◆ **Action item**
Two lines below mark the span: the one containing "Panax Ginseng от" and the one containing "はしゃぐ声が響いていました。 | ||". Set down both, plus every line between, exactly as they stand, and nothing else.

(Recorded data)
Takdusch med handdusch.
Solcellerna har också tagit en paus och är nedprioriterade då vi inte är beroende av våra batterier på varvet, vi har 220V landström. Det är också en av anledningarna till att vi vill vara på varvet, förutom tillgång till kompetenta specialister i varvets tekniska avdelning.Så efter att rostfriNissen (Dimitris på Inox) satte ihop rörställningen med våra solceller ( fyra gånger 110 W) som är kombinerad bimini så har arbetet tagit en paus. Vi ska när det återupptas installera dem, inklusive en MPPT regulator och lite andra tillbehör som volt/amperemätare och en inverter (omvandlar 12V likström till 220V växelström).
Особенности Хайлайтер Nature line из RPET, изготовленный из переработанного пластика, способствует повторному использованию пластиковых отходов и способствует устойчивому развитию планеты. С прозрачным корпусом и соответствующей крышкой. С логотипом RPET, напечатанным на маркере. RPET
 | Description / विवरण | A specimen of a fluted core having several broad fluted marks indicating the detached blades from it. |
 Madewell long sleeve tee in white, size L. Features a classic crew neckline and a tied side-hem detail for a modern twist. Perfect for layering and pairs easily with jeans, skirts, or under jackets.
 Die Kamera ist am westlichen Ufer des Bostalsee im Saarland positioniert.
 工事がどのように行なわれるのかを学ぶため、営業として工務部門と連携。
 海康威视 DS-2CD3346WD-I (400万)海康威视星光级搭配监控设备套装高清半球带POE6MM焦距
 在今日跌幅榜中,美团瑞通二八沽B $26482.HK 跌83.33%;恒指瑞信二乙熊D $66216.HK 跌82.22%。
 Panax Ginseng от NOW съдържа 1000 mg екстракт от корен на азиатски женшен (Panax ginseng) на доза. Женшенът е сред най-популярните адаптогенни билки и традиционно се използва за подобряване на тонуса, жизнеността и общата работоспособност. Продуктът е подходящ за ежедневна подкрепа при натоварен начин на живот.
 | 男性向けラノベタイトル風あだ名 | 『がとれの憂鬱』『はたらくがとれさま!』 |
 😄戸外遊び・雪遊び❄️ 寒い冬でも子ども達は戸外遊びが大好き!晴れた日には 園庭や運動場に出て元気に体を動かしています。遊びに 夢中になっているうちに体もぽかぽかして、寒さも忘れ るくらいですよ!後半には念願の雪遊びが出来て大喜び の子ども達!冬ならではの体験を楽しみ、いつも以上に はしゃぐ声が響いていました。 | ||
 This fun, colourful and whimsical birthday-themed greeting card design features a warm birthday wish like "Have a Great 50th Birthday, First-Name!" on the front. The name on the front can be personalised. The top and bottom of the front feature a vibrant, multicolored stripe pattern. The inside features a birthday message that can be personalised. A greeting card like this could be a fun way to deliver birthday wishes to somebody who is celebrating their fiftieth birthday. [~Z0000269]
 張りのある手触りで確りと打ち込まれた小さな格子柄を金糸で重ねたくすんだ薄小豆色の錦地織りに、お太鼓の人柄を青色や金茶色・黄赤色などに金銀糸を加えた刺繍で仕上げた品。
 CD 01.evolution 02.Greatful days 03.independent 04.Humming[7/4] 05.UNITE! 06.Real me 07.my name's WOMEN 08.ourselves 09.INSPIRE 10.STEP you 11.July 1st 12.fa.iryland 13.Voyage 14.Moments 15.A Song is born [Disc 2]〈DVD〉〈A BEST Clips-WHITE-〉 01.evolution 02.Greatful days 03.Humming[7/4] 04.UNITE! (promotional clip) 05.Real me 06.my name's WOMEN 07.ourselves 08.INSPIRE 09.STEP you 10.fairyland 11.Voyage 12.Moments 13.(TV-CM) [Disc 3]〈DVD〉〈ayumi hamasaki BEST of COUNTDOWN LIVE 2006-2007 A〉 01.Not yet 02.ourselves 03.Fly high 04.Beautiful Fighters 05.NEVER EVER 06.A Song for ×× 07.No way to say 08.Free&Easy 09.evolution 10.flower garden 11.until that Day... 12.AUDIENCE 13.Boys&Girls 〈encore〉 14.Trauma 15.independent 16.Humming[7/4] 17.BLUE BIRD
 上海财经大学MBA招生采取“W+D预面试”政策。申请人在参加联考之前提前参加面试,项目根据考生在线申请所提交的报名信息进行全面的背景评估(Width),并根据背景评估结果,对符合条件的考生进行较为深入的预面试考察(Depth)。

◆ **Solved exercise**
 Panax Ginseng от NOW съдържа 1000 mg екстракт от корен на азиатски женшен (Panax ginseng) на доза. Женшенът е сред най-популярните адаптогенни билки и традиционно се използва за подобряване на тонуса, жизнеността и общата работоспособност. Продуктът е подходящ за ежедневна подкрепа при натоварен начин на живот.
 | 男性向けラノベタイトル風あだ名 | 『がとれの憂鬱』『はたらくがとれさま!』 |
 😄戸外遊び・雪遊び❄️ 寒い冬でも子ども達は戸外遊びが大好き!晴れた日には 園庭や運動場に出て元気に体を動かしています。遊びに 夢中になっているうちに体もぽかぽかして、寒さも忘れ るくらいですよ!後半には念願の雪遊びが出来て大喜び の子ども達!冬ならではの体験を楽しみ、いつも以上に はしゃぐ声が響いていました。 | ||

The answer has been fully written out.